The best way to identify these kinds of attacks is to instrument the browsers where they often occur, and to restrict the use of apps like TikTok on corporate assets. As luck would have it, my Push Security teammate Luke Jennings is doing a webinar on ClickFix style attacks today!
👤 People and Processes
The Cost of Cyber Leadership: Tim Brown’s Story
Tim Brown’s experience as CISO during the catastrophic 2020 SolarWinds breach offers a warning about the physical toll of cybersecurity leadership. When Russian state-sponsored hackers compromised the company’s Orion software, Brown lost 25 pounds in 20 days while managing the round-the-clock crisis response. Working through compromised communications, appearing on CNN and 60 Minutes, and fielding calls from the US Army to Operation Warp Speed, he embodied the “always-on” nature of security leadership. “The world’s on fire,” Brown recalls. “You’re trying to get information out and trying to have people understand what’s safe and what’s not safe.”
Nearly three years later, the accumulated stress nearly killed him. In October 2023, after learning the SEC had filed charges against him personally, Brown experienced what seemed like altitude sickness in Zurich. By the time he landed home, he couldn’t walk from the airport terminal to his car without stopping. He was having a heart attack. This story isn’t just about one catastrophic breach; it’s a warning about an industry that demands 24/7 vigilance while placing enormous personal liability on leaders. Brown now advocates for companies to employ psychiatrists during major incidents, recognizing the isolation of accountability. Great lessons in this article on managing burnout before and after a major incident.
💡 Connecting the Dots
The core lesson across this week’s stories is that detection and response systems built for human-scale operations are collapsing under modern volumes, and the consequences range from catastrophic breaches to long-term health issues.

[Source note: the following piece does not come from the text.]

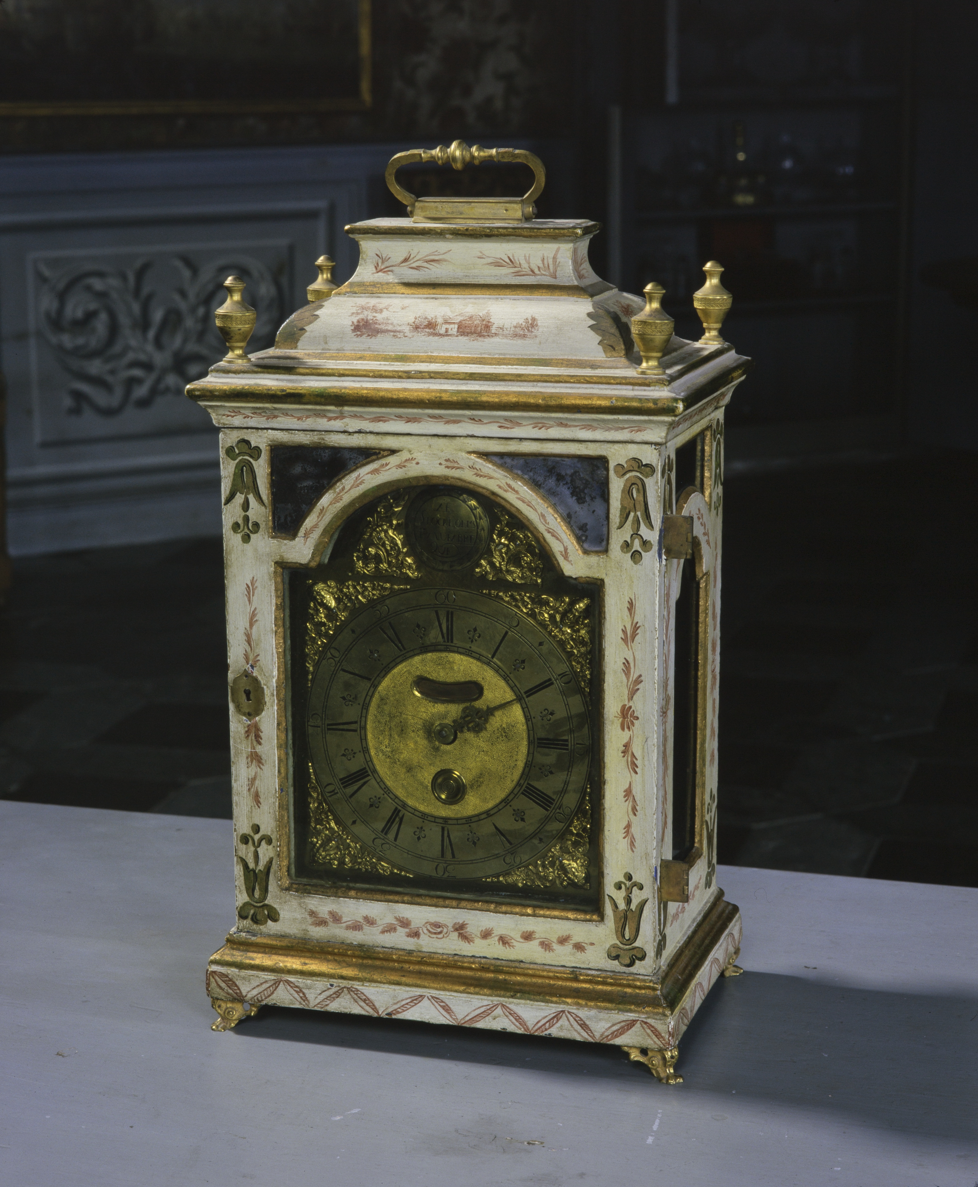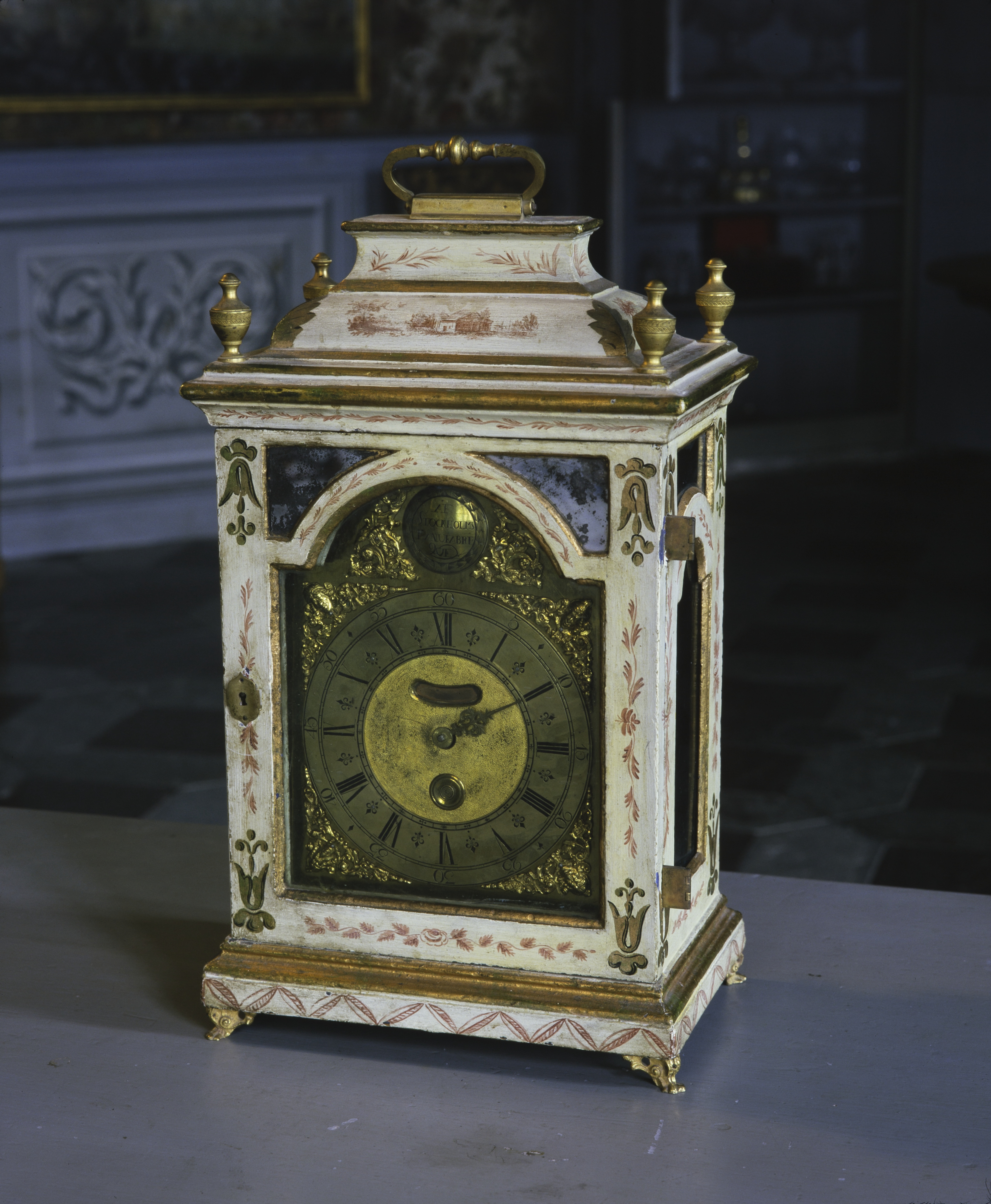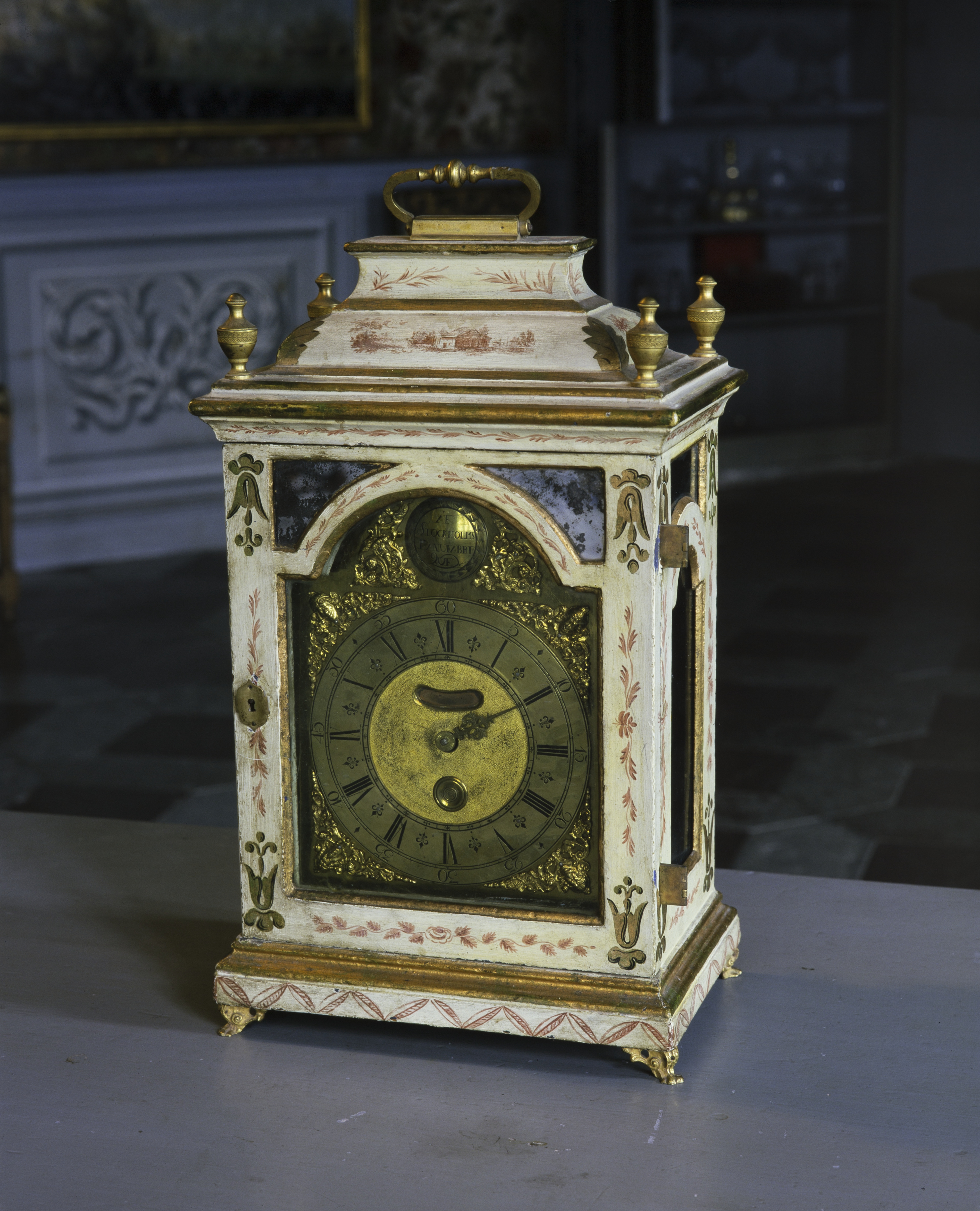 I hörnen gjutna maskaroner och akantusrankor av förgylld bly. Urfoder av vitmålad furu med rundbågiga glas på alla fyra sidor , i svicklarna speglar. Profilerat krön med handtag och i hörnen urneformade knoppar av förgylld mässing. Förgyllda lister , målade rosa , bladornament och landskap. Invändigt blåmålat. Dörrar på fram- och baksidan. Signerad på rund plåt : " AF STOCKHOLMS MANUFABRIQUE " 1729-1751.

The volume problem is systemic, and probably not solvable through additional effort alone. The sustainable path forward requires three admissions:
Accept human limits: You cannot manually review 10,000 PRs, staff 24/7 SOCs adequately, or defend everything simultaneously.
Augment strategically: Use AI where it excels (Datadog’s 99.3% accuracy detecting malicious intent), focus on high-quality signals, automate response (SOAR), and ruthlessly prioritize (critical asset analysis over ATT&CK completeness).
Measure what matters: Coverage percentages and SLA compliance rates mean nothing if you’re not meeting them or if breaches still happen; focus on protecting critical assets and the humans doing the protecting.
The organizations that survive won’t have the most expensive (and expansive) security stacks - they’ll be the ones that made strategic choices about what not to protect, automated relentlessly to match adversary scale, and stopped pretending human willpower can bridge the gap between detection volume and response capacity.